Dilano Saldin's research has focussed on the use of scattering methods for the elucidation of the structure of materials on the atomic scale. Work has included the theory of electron microscope images of lattice defects, optical holography and phase conjugation, including four-wave mixing, the theory of x-ray absorption (XAS) and electron energy loss spectroscopy (EELS) of materials such as metal oxides and perovskite high temperature superconductors. Current interests include the structure of liquid crystals, and the novel capabilities offered by the x-ray free electron lasers (XFELs), currently under construction. In particular a recent focus has been on the development of novel diffraction techniques for determining the structures of non-crystallized biomolecules. These include the determination of the structures of membrane proteins in situ, of protein molecules in solution, and the so-called "diffract and destroy" method whereby the structure of a biomolecule or virus is reconstructed from diffraction patterns formed by ultrashort. high-intensity x-ray pulses from an XFEL before the particle is destroyed by the x-ray pulse. One of the techniques used is the reconstruction of single-particle diffraction patterns from angular correlation functions.

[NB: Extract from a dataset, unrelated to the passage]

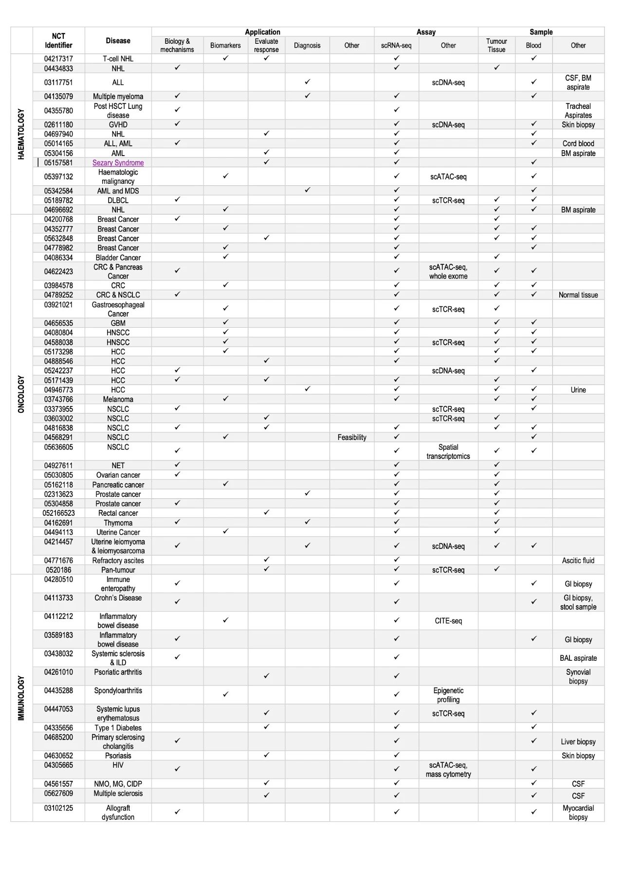 单细胞基因组学是将高通量测序技术应用于单个细胞。自 2009 年第一篇单细胞测序论文发表以来,单细胞技术的进步飞速,得益于能够同时进行数万个细胞并行生成高精度数据的产品的开发和商业化。 现在有大量的单细胞实验方法用于检测不同的基因组及转录组特征,包括 DNA 甲基化、染色质可及性和其他表观遗传标记。随着单细胞 RNA 测序 (scRNA-seq) 和单细胞 DNA 测序 (scDNA-seq)等方法越来越普及,大家普遍的关注点转向为:这些何时能用于临床转化? 基因测序应用于临床的最典型场景就是开发基因组信息指导的诊断。这通常涉及从患者的大量组织样本中生成 DNA 或 RNA 序列信息,并对其进行分析以确定可用于诊断、预测或告知临床管理的特定信息。术语“批量bulk”是指从大量细胞共同生成基因组数据的方法,或者从源自许多细胞的cfDNA中生成基因组数据的方法。因此,过去的精准医学代表大量细胞的平均信号。 尽管批量的基因诊断方法已经在进入临床实践,但批量分析无法揭示细胞之间的基因组差异。这一点又很关键,因为大多数系统在细胞之间具有显着的基因组异质性。细胞异质性的例子有很多,包括由肿瘤体细胞突变引起的克隆多样性、肿瘤浸润免疫细胞之间的基因组变异、T 和 B 细胞的不同克隆性群体等。这些导至了千差万别的临床特征和不同结局,包括诊断率低、治疗效果不一、长期预后差等等。 已经有诸多的单细胞基因组研究表征并阐述了临床相关的细胞异质性,以及这些如何被利用来改善临床实践。理论上讲,毫无疑问,同时确定数千个单个细胞的基因组图谱在临床应用上具有无限开发潜力。 截至去年底,已经有 62 项使用单细胞基因组学方法的肿瘤学、血液学和免疫学注册临床试验中应用。这些试验中的大多数都具有探索性目标,例如发现与标准治疗试验一起使用的生物标志物或改进疾病的诊断和亚分类。尽管探索性研究仍然至关重要,但明确关注scRNA-seq的实际应用及其在诊断环境中使用的可行性的试验无疑将最有可能推动其在临床实践中的应用。 有趣的是,目前大多数试验使用 scRNA-seq 或 scRNA-seq + scDNA-seq的组合,这可能反映了技术的成熟度,特别是在肿瘤学和血液学中。值得注意的是,这些临床试验中的大多数 (85%) 是使用血细胞进行的,或者在实体瘤中使用血液和肿瘤细胞的配对样本进行。这部分原因是实体组织分离仍然存在挑战,尽管使用配对样本将使验证研究能够减少对实体组织活检的要求。 评估单细胞测序辅助诊断和识别可靶向突变以推动治疗决策的能力的临床试验对于将其转化为临床实践至关重要。这可能将逐渐成为临床试验设计的一个固有组成部分。

Bimal Sarma's interest in condensed matter is the study of materials in extreme environments -- at extremely low temperatures and extremely high magnetic fields. Sarma, whose work has spanned a wide arena of experimental physics from neutron diffraction to low-temperature techinques, has been concerned with the use of sound waves to investigate phase transitions and the actual phases themselves in magnetic systems and superconducting/superfluid systems. Sarma's landmark study of heavy-fermion superconductors showed the existence of a metallic superconductor whose microscopic behavior does not conform to the standard BCS model of electron-pairing and led to the remarkable discovery of multiple superconducting phases in UPt3. Sarma's current studies involve high-Tc and heavy-fermion superconductivity and the phases of materials in some of the highest magnetic fields.
Michael Weinert's research is focused on understanding the electronic, magnetic, and structural properties of complex materials at the atomic level, primarily through the use of first-principles electronic structure calculations. Much of his research is done in close collaboration with experimentalists, both at UWM and elsewhere. Research topics include the effects of external electric fields on the electronic and magnetic properties of surfaces, interfaces, and nanostructures; phase stability of alloys and the role of defects; the electronic structure of oxides and related systems; magnetic semiconductors; the interpretation of various electron spectroscopies (e.g., STM, APECS, photoemission); and the development of new computational approaches and high-performance (parallel) computing applied to materials physics.